Work task.
A word-for-word copy of the lines below, starting at the line with "Our 9-piece outdoor" and ending at the last one, is what you should give. Omit every picture.

[Opening Records provided section]

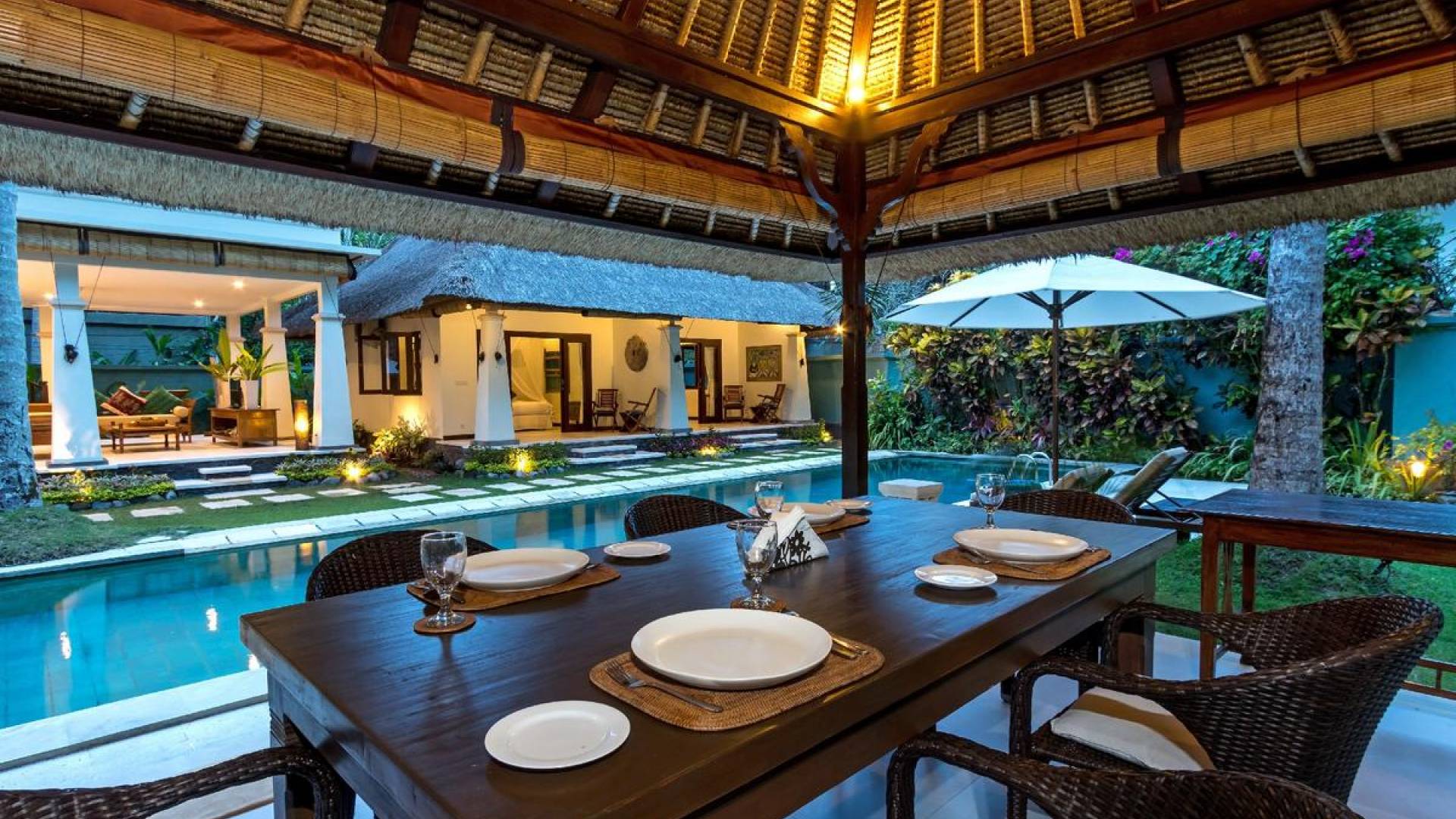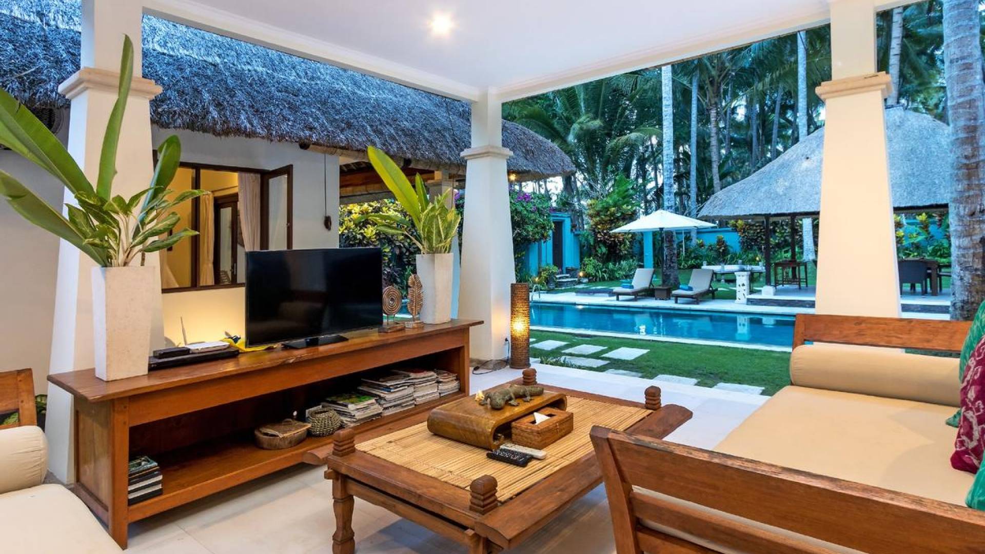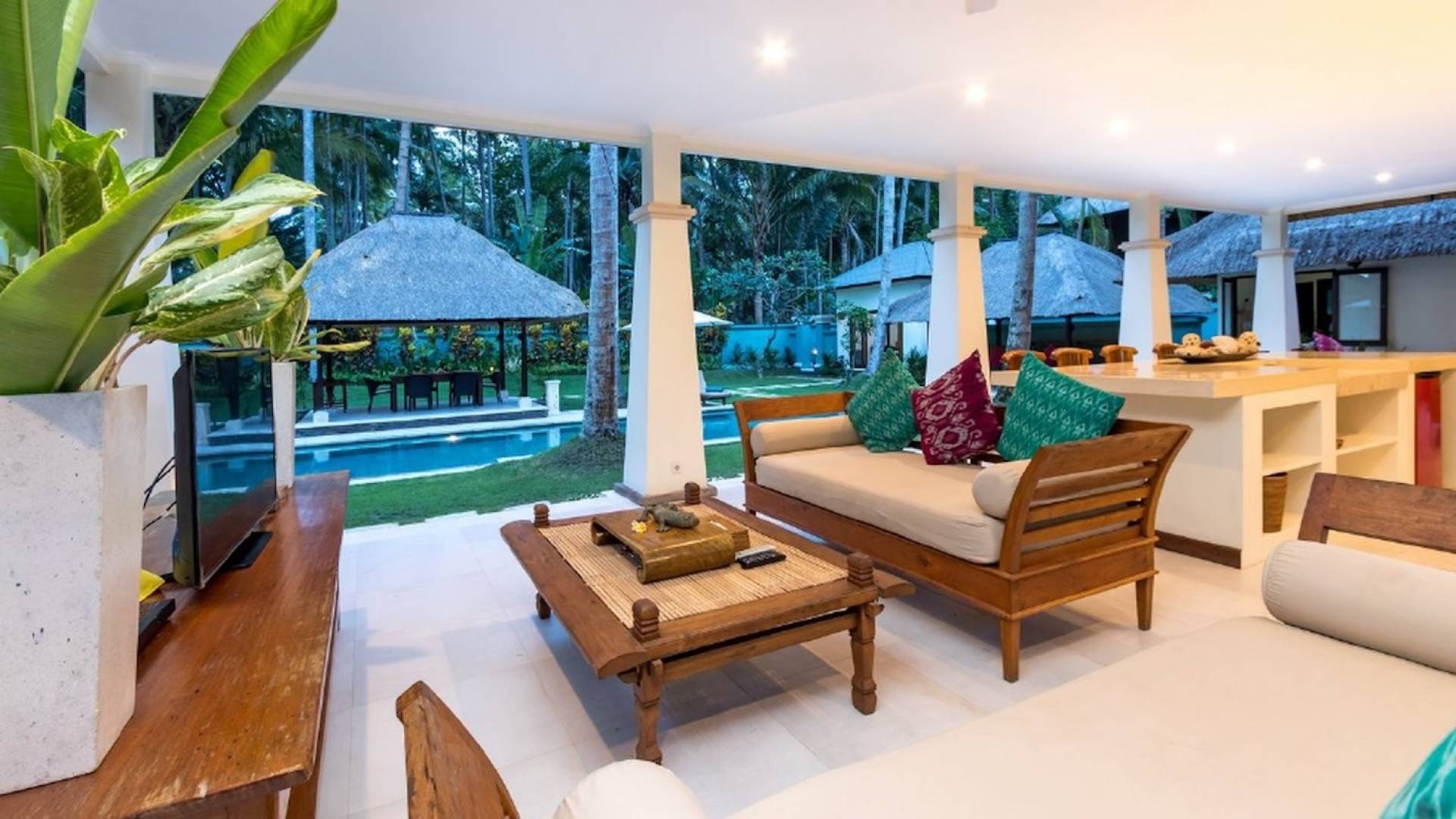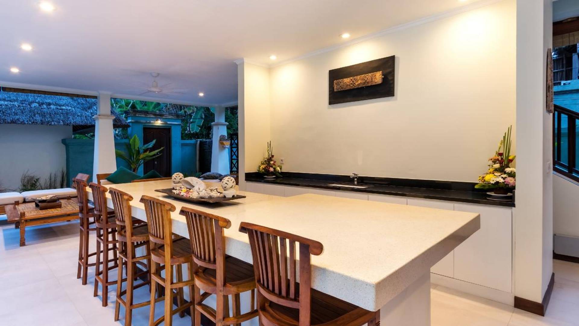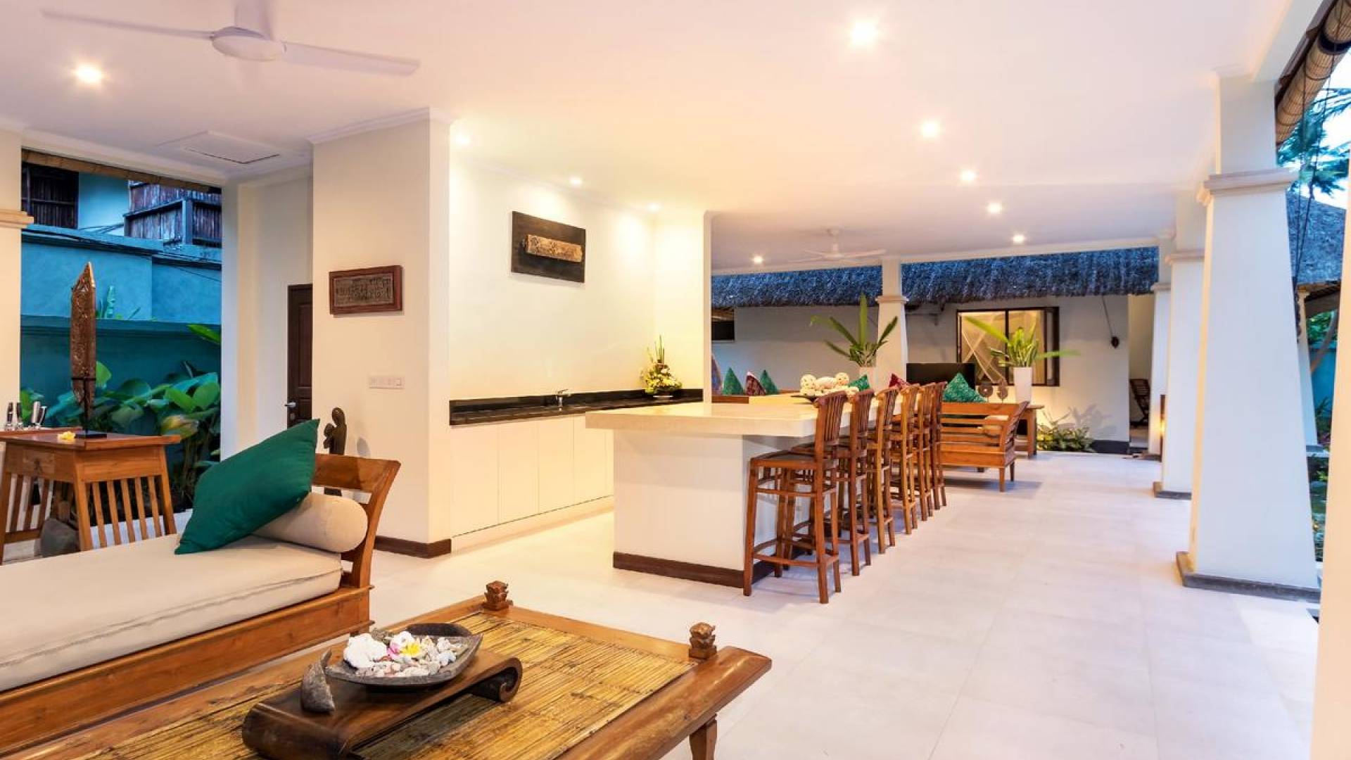 Il cocktail bar è il luogo ideale per sedersi e sorseggiare un drink insieme ai propri cari mentre i bambini corrono sul prato ben curato del giardino o nuotano in piscina. Comodi lettini e divani su ogni lato del cocktail bar offrono bei posti per rannicchiarsi con qualcosa da leggere o per riunirsi per un'accogliente serata al cinema, guardando un film di successo sulla TV a schermo piatto con lettore DVD. Gli amanti del dolce stile di vita dell'isola tropicale trascorreranno molto tempo in giardino, ceneranno all'aperto nella sala da pranzo a bordo piscina, leggeranno un libro nel gazebo ombreggiato nascosto con lettini da giorno o addirittura si concederanno un massaggio tradizionale balinese.
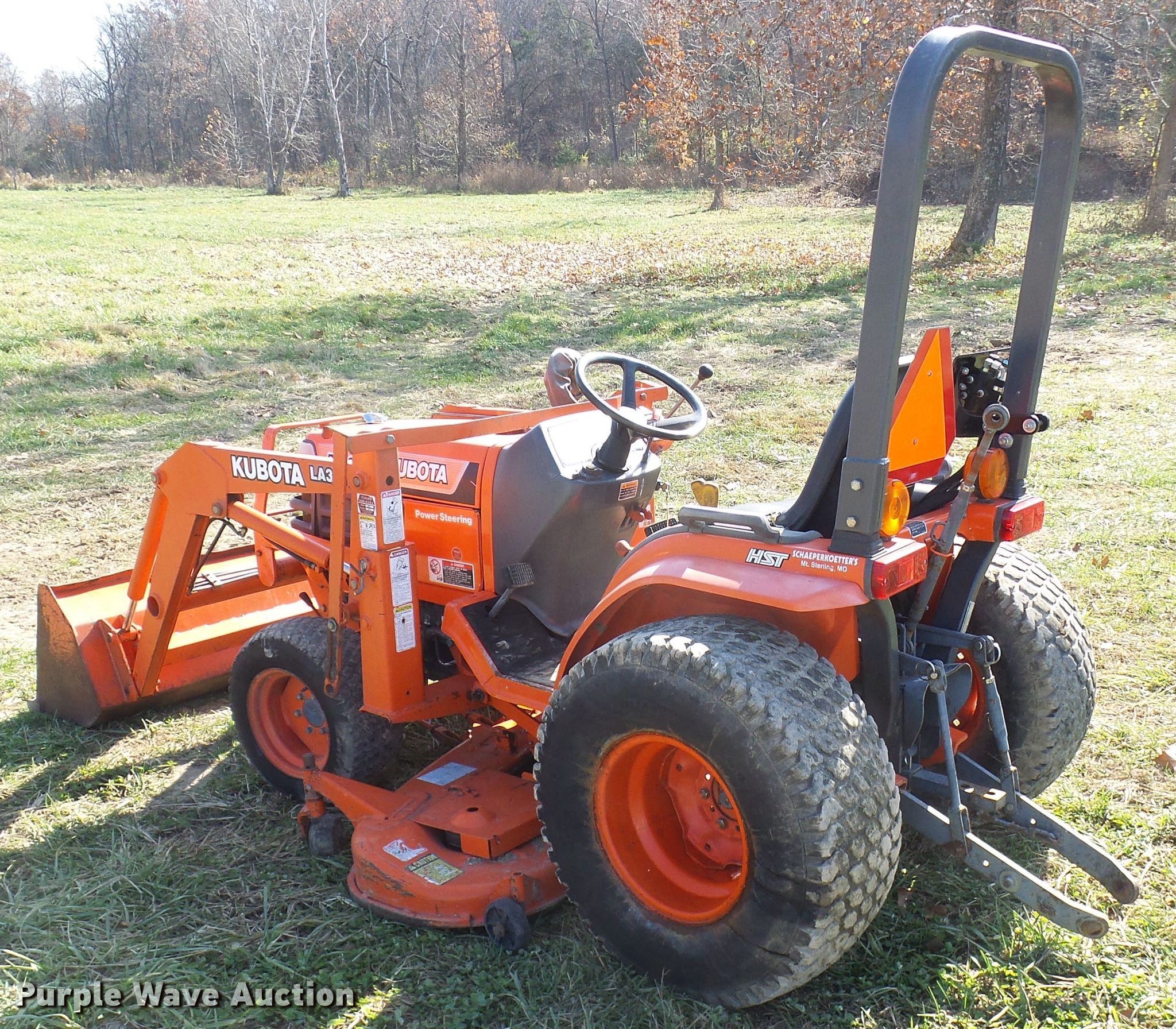 Kubota B2400 MFWD tractor. 2,375 hours on meter. Engine Kubota , Cylinders: 3, Fuel type: Diesel. Transmission Hydrostatic. Operational PTO: 540, Three point, Hydraulic remote sets Rear: 1, Loader Kubota LA351, Controls: Joystick, Bucket Width: 50", Kubota RC60-24B mower deck. Tires Front: 23x8.50x12, Rear: 33x12.5x15. 5172 Co Rd 456. Tebbetts, MO 65080
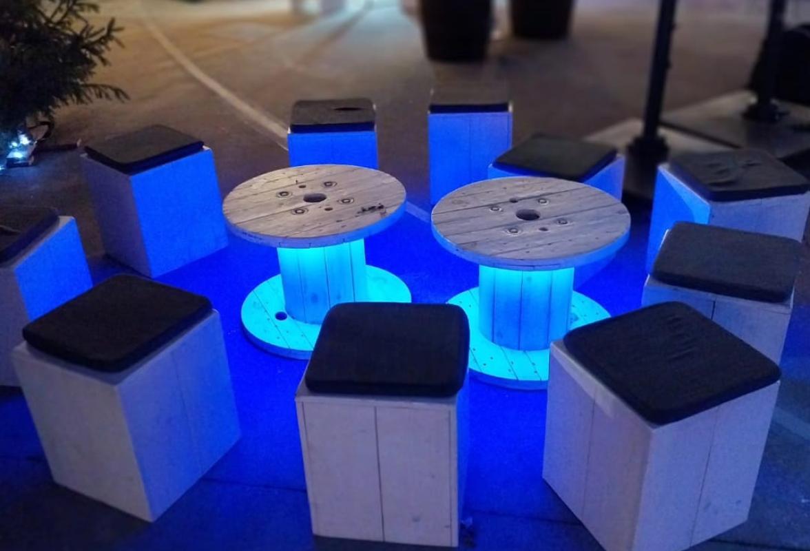 - Zitstoelen, banken en poefjes (ook verlicht)
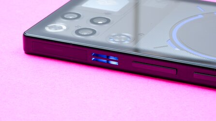 An beiden Seiten besitzt das Redmagic 11 Pro zwei Lüfterschlitze, die die warme Luft aus dem Inneren über den verbauten, physischen Lüfter nach außen bringen. Das war bereits bei den Vorgängermodellen so.
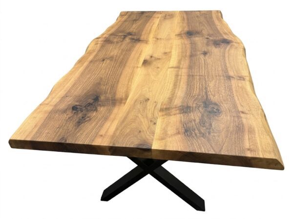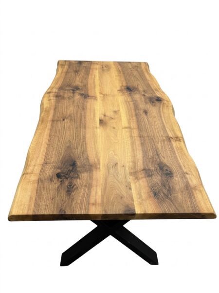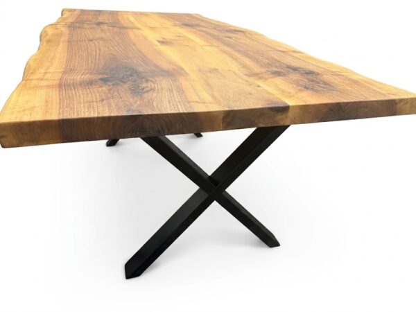 Bordet kombinerer den dybe, varme glød fra valnøddetræet med et råt, industrielt look fra de markante X-ben.
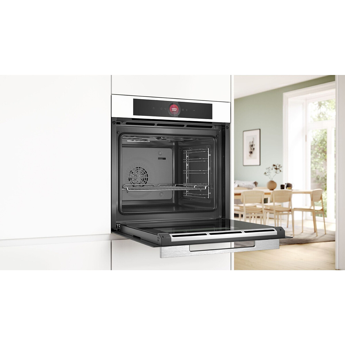 Innowacyjny cyfrowy pierścień sterujący sprawia, że gotowanie jest łatwiejsze niż kiedykolwiek. Przy pomocy niewielkich obrotów wewnętrznego pierścienia możesz uzyskać dowolne ustawienia swojego piekarnika, używając zaledwie jednego palca. Pomocą służy Ci duży panel dotykowy TFT o wysokiej rozdzielczości, z czytelnym tekstem i przyciskami sensorycznymi. Wyraźne obrazy oraz komunikaty tekstowe prowadzą Cię przez każdy krok, gdy nawigujesz pomiędzy opcjami różnych programów. Dzięki temu masz wszystko na oku i w pełni panujesz nad działaniem piekarnika.
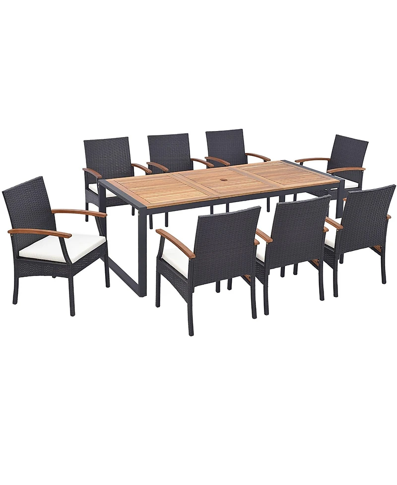 Our 9-piece outdoor dining set is ideal for hosting large family gatherings or elegant dinner parties under the open sky! Constructed from sturdy acacia wood, fade-resistant Pe rattan, and a durable metal frame, this patio table and chairs set ensures longevity and enhances the aesthetics of your outdoor space. The rectangular dining table features a 1.9'' umbrella hole, providing ample space for food and the option to add a patio umbrella (not included) for shade on sunny days. The ergonomic rattan chairs are equipped with soft cushions for a comfortable seating experience, and six chairs can be conveniently tucked under the table to maximize space.Features:Rustic acacia wood adds natural beauty to the setHeavy-duty metal frame provides strong supportSelected mix brown Pe rattan offers fade resistance and sun protection
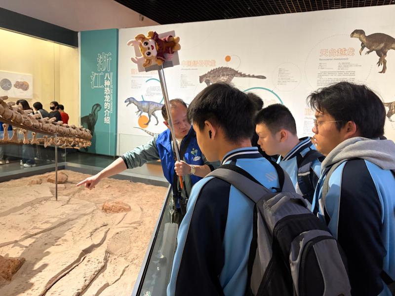 上午,研学队伍首先抵达衢州孔氏南宗家庙,这座“东南阙里”的千年圣境,古柏苍劲间承载着孔氏南宗的文化传承。同学们驻足大成殿、思鲁阁前,聆听孔氏南渡的历史,感悟儒家文化的仁爱与礼序,在潜移默化中接受传统文化的熏陶。随后,大家走进衢州博物馆,馆内“礼贤江山龙”化石、商周印纹陶等藏品,生动诉说着衢州六千年的文明脉络,让同学们直观感受衢州的历史底蕴。
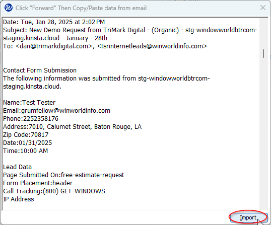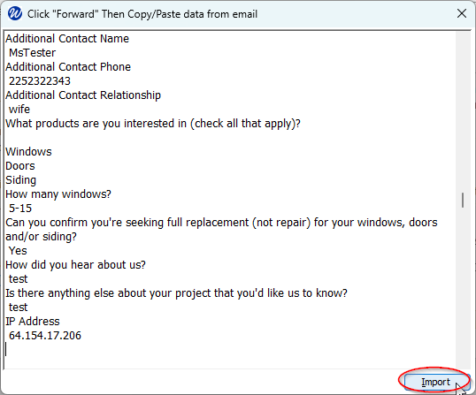 In Leads app, Ctrl+V to paste into the import screen, then click the Import button:

[Closing Records provided section]

Written answer.
 Our 9-piece outdoor dining set is ideal for hosting large family gatherings or elegant dinner parties under the open sky! Constructed from sturdy acacia wood, fade-resistant Pe rattan, and a durable metal frame, this patio table and chairs set ensures longevity and enhances the aesthetics of your outdoor space. The rectangular dining table features a 1.9'' umbrella hole, providing ample space for food and the option to add a patio umbrella (not included) for shade on sunny days. The ergonomic rattan chairs are equipped with soft cushions for a comfortable seating experience, and six chairs can be conveniently tucked under the table to maximize space.Features:Rustic acacia wood adds natural beauty to the setHeavy-duty metal frame provides strong supportSelected mix brown Pe rattan offers fade resistance and sun protection
 上午,研学队伍首先抵达衢州孔氏南宗家庙,这座“东南阙里”的千年圣境,古柏苍劲间承载着孔氏南宗的文化传承。同学们驻足大成殿、思鲁阁前,聆听孔氏南渡的历史,感悟儒家文化的仁爱与礼序,在潜移默化中接受传统文化的熏陶。随后,大家走进衢州博物馆,馆内“礼贤江山龙”化石、商周印纹陶等藏品,生动诉说着衢州六千年的文明脉络,让同学们直观感受衢州的历史底蕴。
 In Leads app, Ctrl+V to paste into the import screen, then click the Import button:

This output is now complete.